1

I want to make istream consider only tabs as whitespace. So, given "{json : 5}\tblah", I want to load json into obj1 and "blah" into obj2 with code like the following:

is << obj1 << obj2

Is there a way to do this without loading the objects into strings?

Jason Sundram
  • 12,225
  • 19
  • 71
  • 86
John Montague
  • 1,910
  • 7
  • 21
  • 30

2 Answers2

1

Yep in the local set the tab is the only character that has the space attribute.

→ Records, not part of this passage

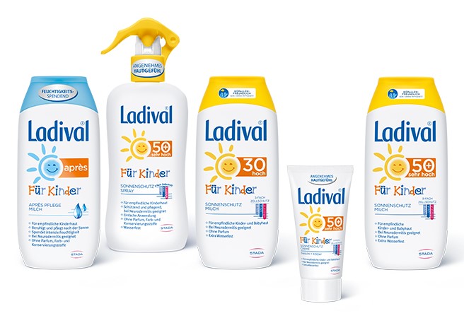 Wohltuende Sonne hat auch ihre Schattenseiten. Intensive UV-Strahlung schädigt die Haut und kann im schlimmsten Fall zu Krebs führen. Ladival® von STADA schützt mit einem einzigartigem Infrarot-A-Schutzkomplex sowie UV-A- und UV-B-Filtern und wirkt damit dreifach: gegen Sonnenbrand, Zellschäden und Hautalterung. Ob allergische, empfindliche, trockene Haut oder Kinderhaut – Ladival® hat für jeden Hauttyp das richtige Produkt und ist exklusiv in Apotheken erhältlich.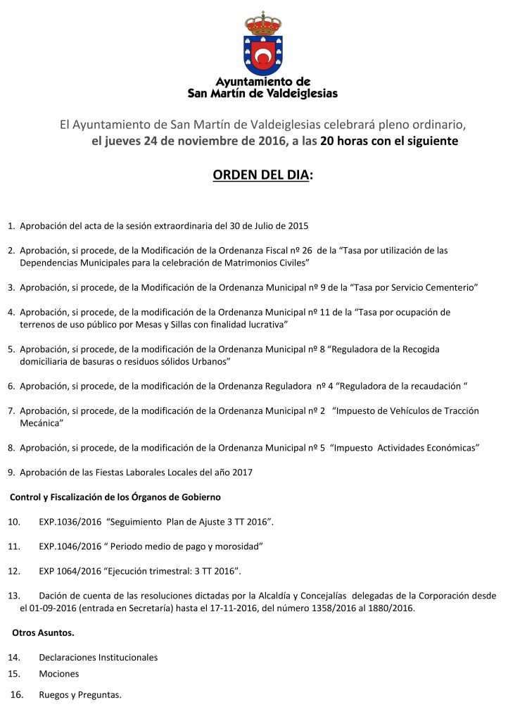 EL AYUNTAMIENTO DE SAN MARTIN DE VALDEIGLESIAS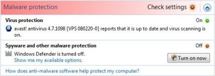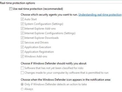 Обратите внимание, что оба варианта должны быть сняты для службы Windows Defender в Windows Vista, чтобы полностью остановить защиту. В противном случае, будет отключена только постоянная защита .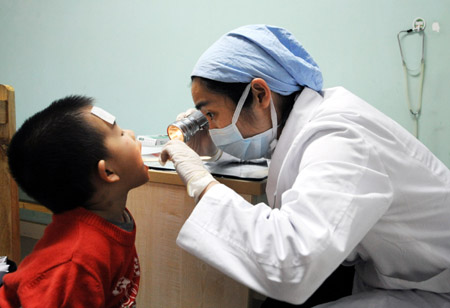 4月2日,廣州市兒童醫院的一位醫生在為一名疑似手足口病患兒檢查。 根據廣東省衛生廳提供的數字,截至3月26日,廣東省共報告手足口病臨床及實驗室診斷病例3245例,大部分為輕型病例,其中重癥病例三例,無死亡病例。 廣東省衛生廳表示,目前,廣東省手足口病正處于高發季節,今后一段時間報告病例數將會呈增加趨勢,預計將在5月至7月份達到高峰。對此,專家提醒公眾,手足口病是可防可控的,要積極防治,平時注意衛生,注意嬰幼兒的營養、休息。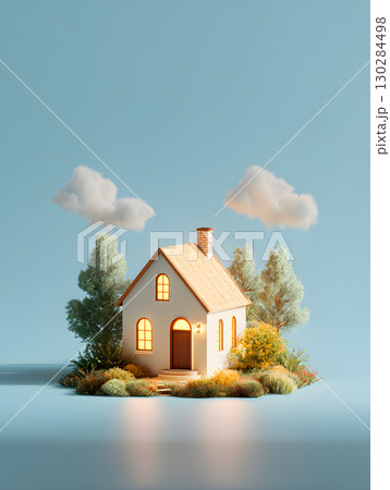 Yellow house against the background of growing graphics on a light background. Space for text.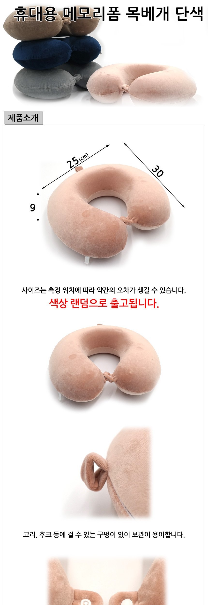 문구3 생활용품 휴대용 메모리폼 목베개 단색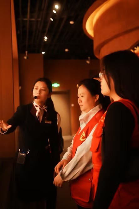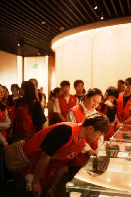活动中,大家在讲解员的带领下,循着历史与文化的脉络,依次参观了“千秋写印·华夏有章——中华版本发展概览”,“互鉴千年·融通未来——海上丝绸之路专题版本展”,“红色印记·映照初心——红色广东专题版本”等核心展区。让党员与入党积极分子们直观领略到中华文明兼收并蓄、融通互鉴的包容特质,重温革命历史,感悟红色基因与中华文脉的一脉相承,坚定了听党话、跟党走的信念。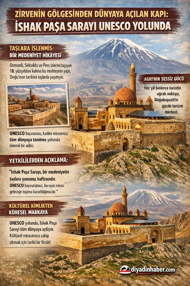 Zirvelerin gölgesinde yüzyıllardır dimdik ayakta duran İshak Paşa Sarayı şimdi yeni bir eşiğin arifesinde. Taş duvarları, bu kez adını dünya mirası listesine yazdırmak için sessiz ama güçlü bir bekleyişte.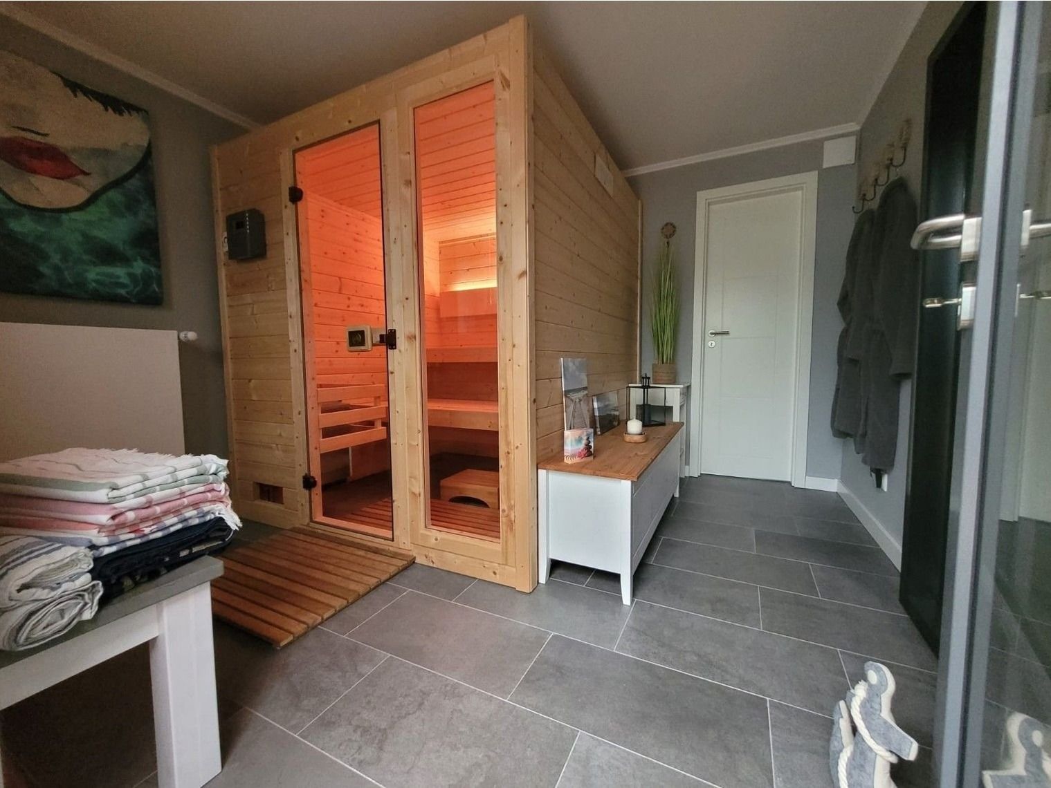 Ein Highlight des Hauses ist der eigene Wellnessbereich mit Sauna ideal, um auch an kühleren Tagen zu entspannen.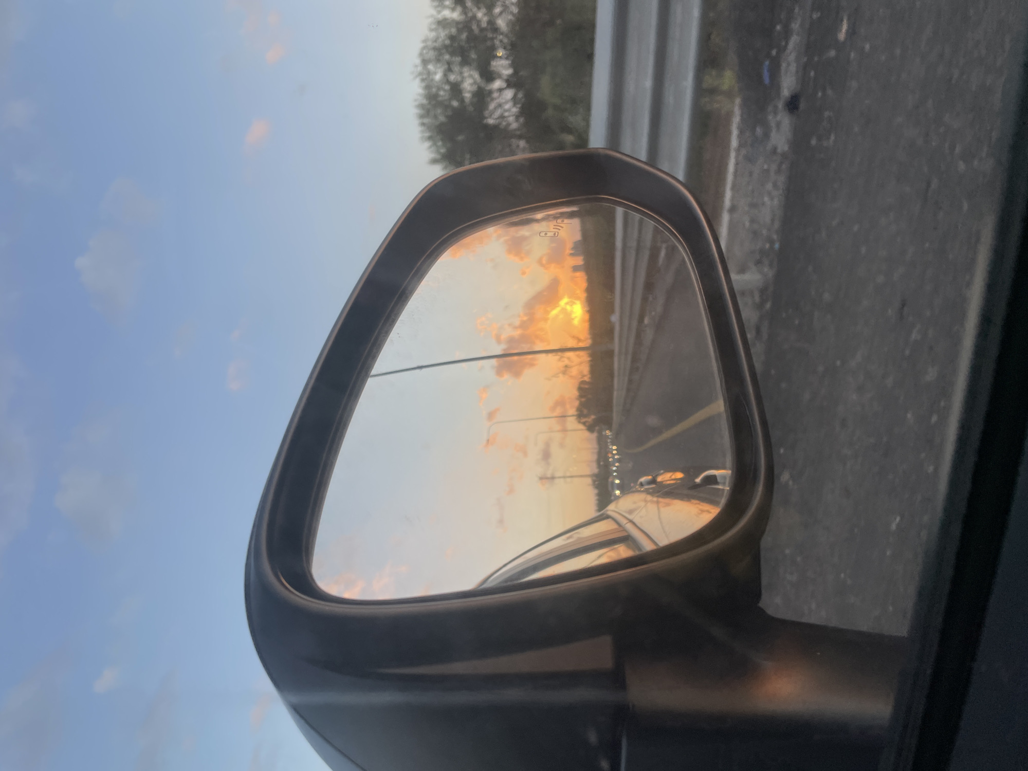 The image depicts a car's side-view mirror reflecting a sunset scene on a highway

The hard part: Create a facet that inherits from ctype. Then make sure you set all characters to be not whitespace (except tab).

#include <locale>
#include <fstream>
#include <iostream>
#include <string>
#include <sstream>    

// This is my facet:
// It is designed to treat only <tab> as whitespace
class TabSepFacet: public std::ctype<char>
{
    public:
        typedef std::ctype<char>   base;
        typedef base::char_type    char_type;

        TabSepFacet(std::locale const& l) : base(table)
        {
            // Get the ctype facet of the current locale
            std::ctype<char> const&  defaultCType = std::use_facet<std::ctype<char> >(l);

            // Copy the default flags for each character from the current facet
            static char data[256];
            for(int loop = 0; loop < 256; ++loop) {data[loop] = loop;}
            defaultCType.is(data, data+256, table);

            // Remove the other spaces
            for(int loop = 0; loop < 256; ++loop)
            {
                // If the space flag is set then XOR it out.
                if (table[loop] & base::space)
                {   table[loop] ^= base::space;
                }
            }
            // Only a tab is a space
            table['\t'] |= base::space;
        }
    private:
        base::mask table[256];
};

The easy part: create a locale object that uses the facet and imbue the stream with it:

int main()
{
    // Create a stream (Create the locale) then imbue the stream.
    std::stringstream data("This is a\tTab");
    const std::locale tabSepLocale(data.getloc(), new TabSepFacet(data.getloc()));
    data.imbue(tabSepLocale);

    // Note: If it is a file stream then imbue the stream BEFORE opening a file,
    // otherwise the imbue is silently ignored on some systems.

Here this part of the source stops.